Frequently Asked Questions (FAQs)
Q1. How much foreign currency can I keep at home in India?
A resident Indian can keep physical foreign currency notes and travellers’ cheques not exceeding USD 2,000 (or equivalent in other currencies) in aggregate at home. This amount can come from: unspent foreign currency from previous trips; currency received as gifts from family abroad; or other legitimate sources. Foreign exchange above this limit retained beyond 180 days of return from travel is a FEMA violation. There is no restriction on holding foreign currency in authorised bank accounts (RFC, EEFC) — those can hold any amount from legitimate sources.
Q2. Can I hold foreign coins (coins from other countries) in India?
Yes. FEMA specifically exempts foreign coins from the retention restrictions applicable to currency notes. There is no limit on how many foreign coins a resident Indian can hold. Coin collectors and numismatists can maintain extensive collections of foreign coins without any FEMA compliance issues. Only foreign currency notes and foreign currency travellers’ cheques are subject to the USD 2,000 limit for resident Indians.
Q3. My relative abroad sent me foreign currency as a gift. Can I keep it?

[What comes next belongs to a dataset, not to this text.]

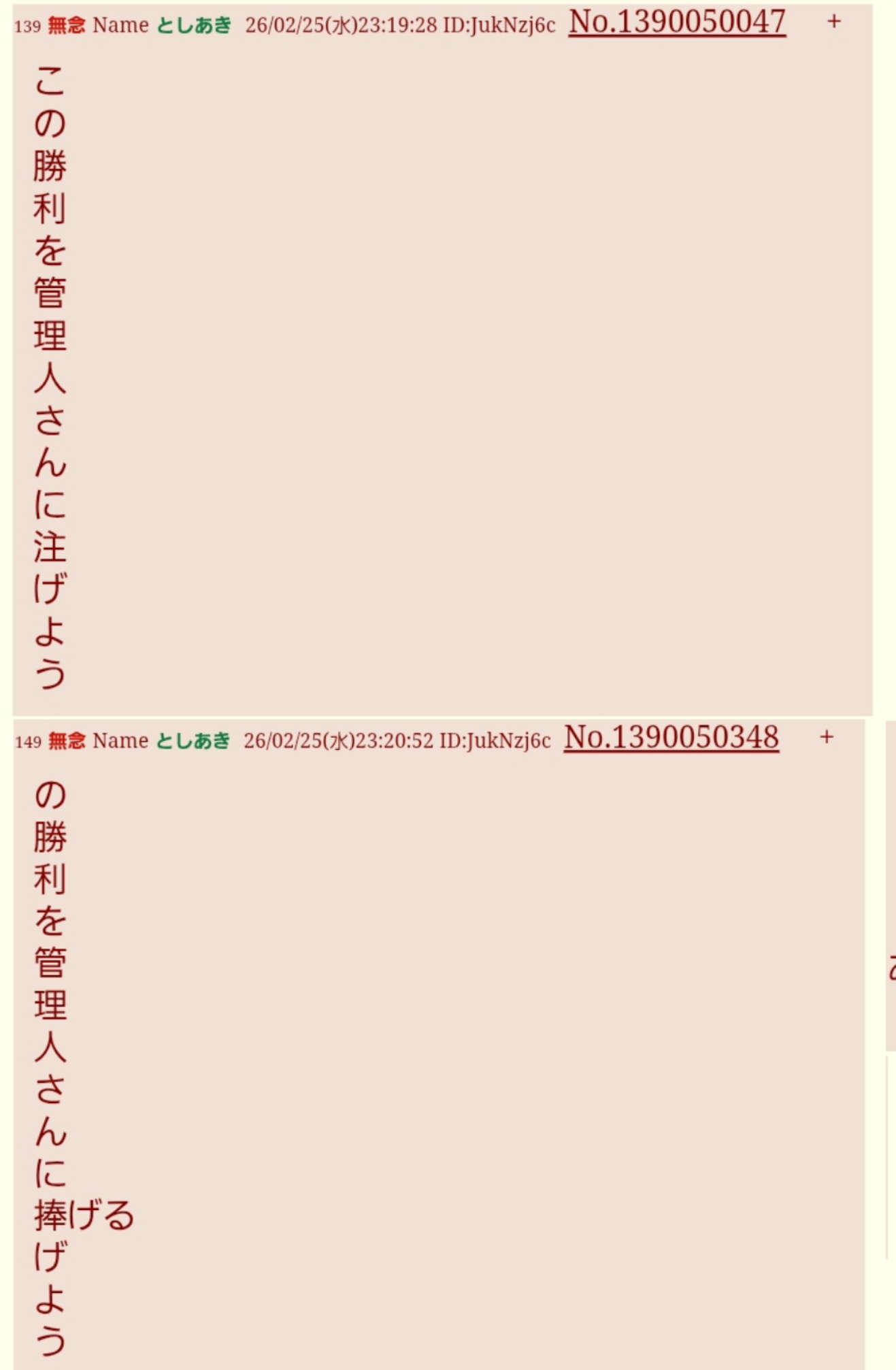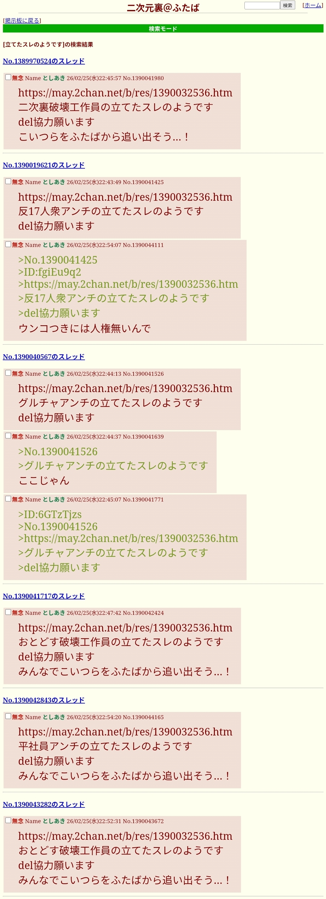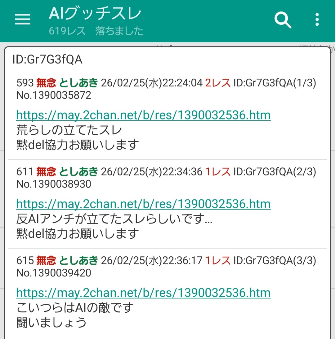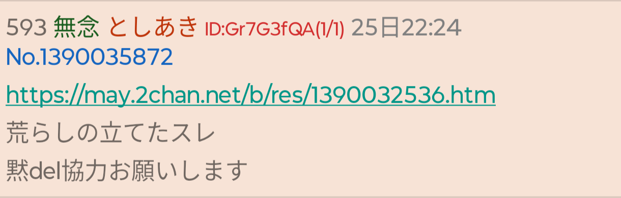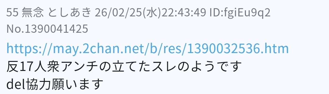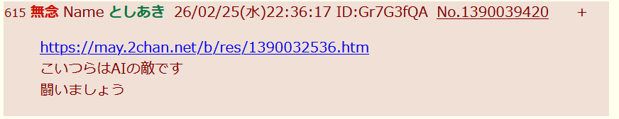 | … | 39無念Nameとしあき26/02/25(水)22:48:32No.1390042642そうだねx6>https://may.2chan.net/b/res/1390040567.htm |

Yes, up to USD 2,000 in physical notes. If the foreign currency was sent via bank transfer, it will typically be credited to your account in rupees (after conversion) unless you have an RFC or EEFC account. Physical foreign currency received as a gift from a relative abroad and kept at home is within the USD 2,000 limit permitted under FEMA regulations. If it exceeds USD 2,000, you should deposit the excess in an RFC account or convert it through an authorised dealer within 180 days.
Q4. What happens if I am found with more than the permitted foreign currency?

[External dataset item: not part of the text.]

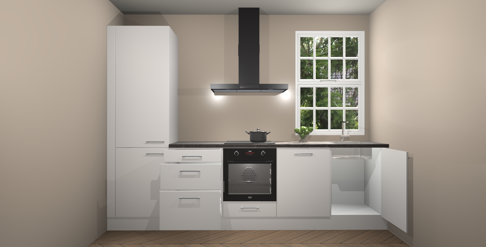 Inclusief plinten, stelpoten en werkblad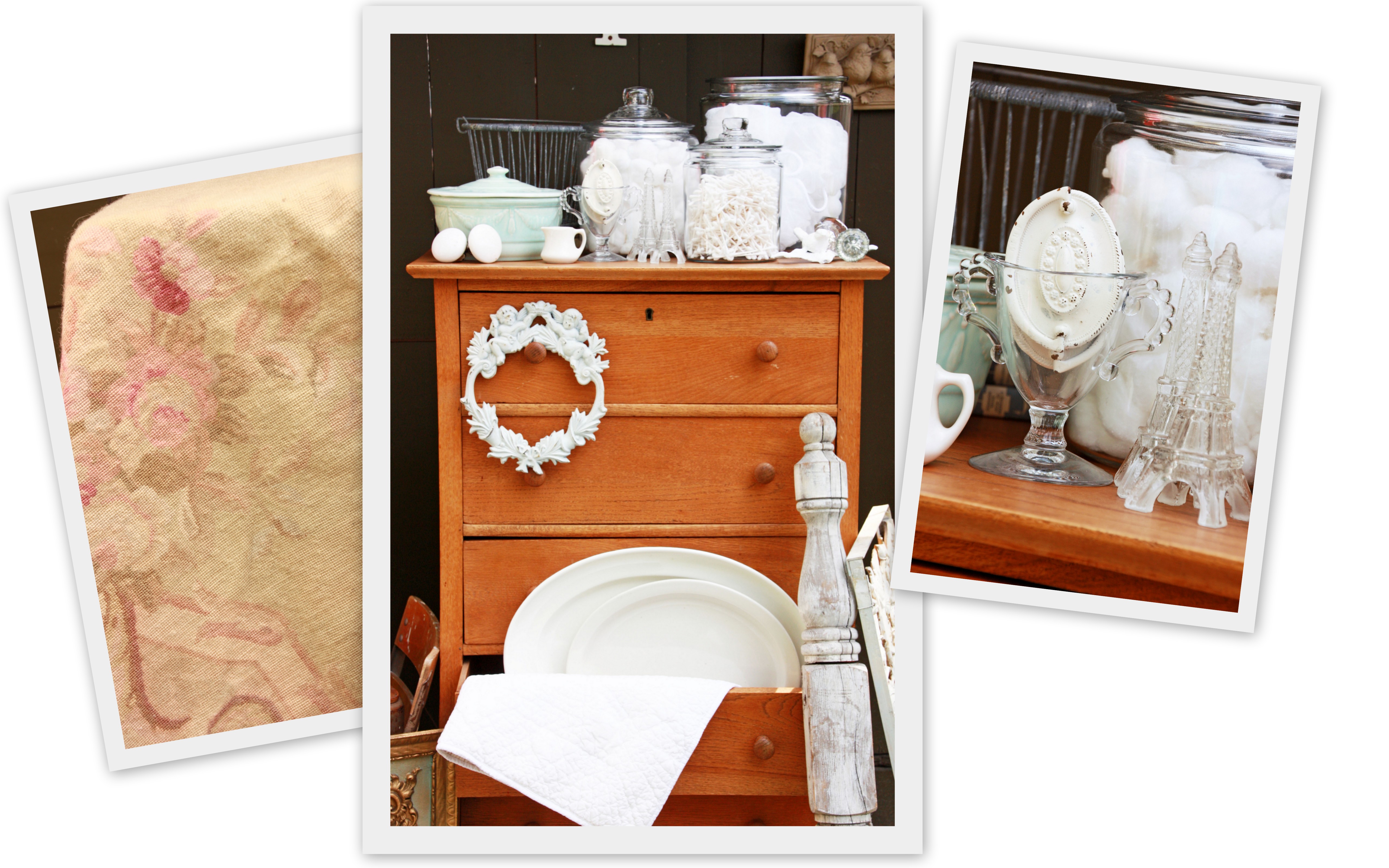 Love the door knobs and plates and the scale. I collect old books like those too. They are great to create vignettes with. The rug Bee Knees snagged has quite a story. The photo with dresser merchandised with the ironstone platter and glass jar canisters is really well done.

If found with physical foreign currency beyond the USD 2,000 home retention limit or above the undeclared customs threshold, you face: confiscation of the excess amount; FEMA penalty of up to three times the amount involved; or Rs 2 lakh if the amount cannot be quantified. If the excess foreign currency is connected to smuggling, COFEPOSA detention without trial is possible. Always declare foreign currency above thresholds at customs and maintain documentation of the legitimate source.
Q5. My company pays part of my salary in foreign currency. What do I do with it?

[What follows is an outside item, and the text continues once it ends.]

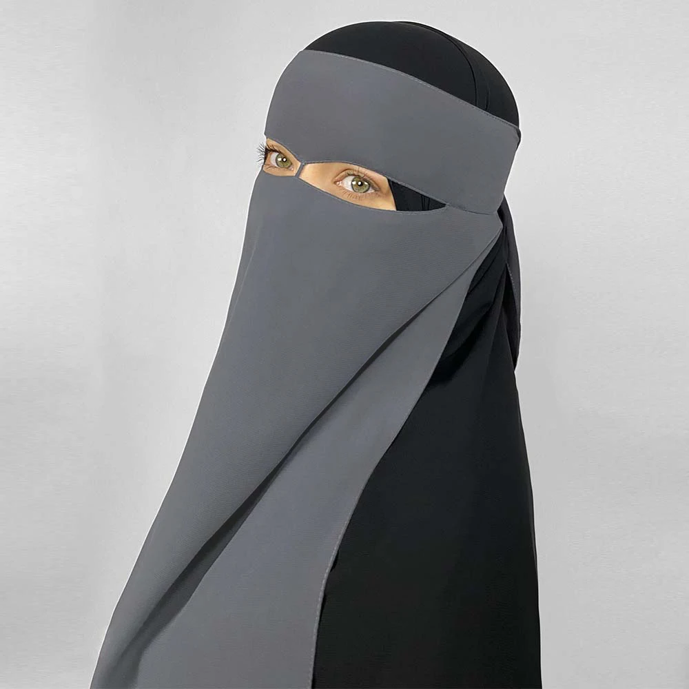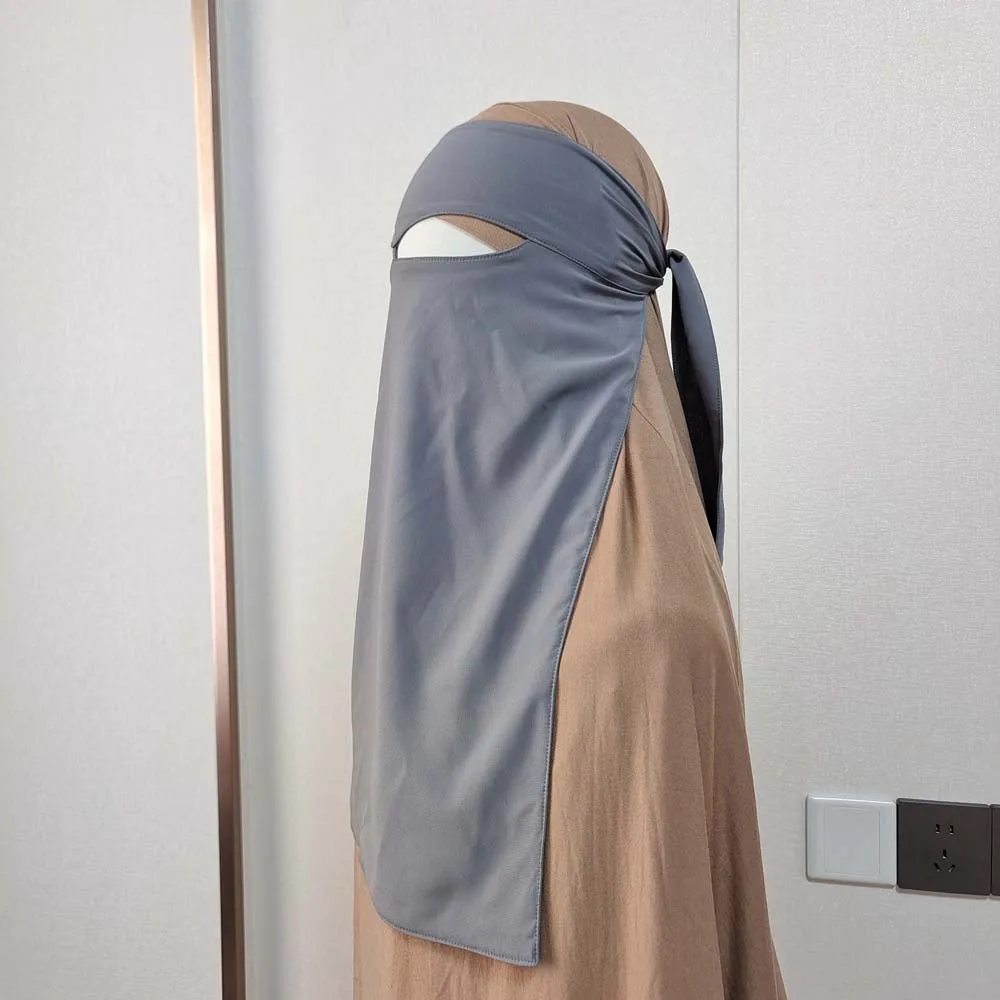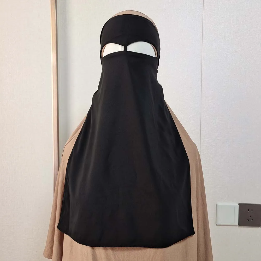 Niqab with Eagle Eye Nose String Chiffon 2 Layer Face Cover Veil Eid Ramadan Muslim Women Headscarf Reversible Kopftuch Hijab

Indian professionals working for foreign companies or in international business who receive foreign currency remuneration must channel it through an authorised bank. The appropriate account is an EEFC (Exchange Earners’ Foreign Currency) account, which allows retention of foreign currency earnings. You can hold 100% of your forex earnings in the EEFC account temporarily and then convert to rupees as needed. Having a foreign currency account does not affect your tax obligations — foreign income earned by residents is taxable in India under the Income Tax Act and must be reported in your ITR.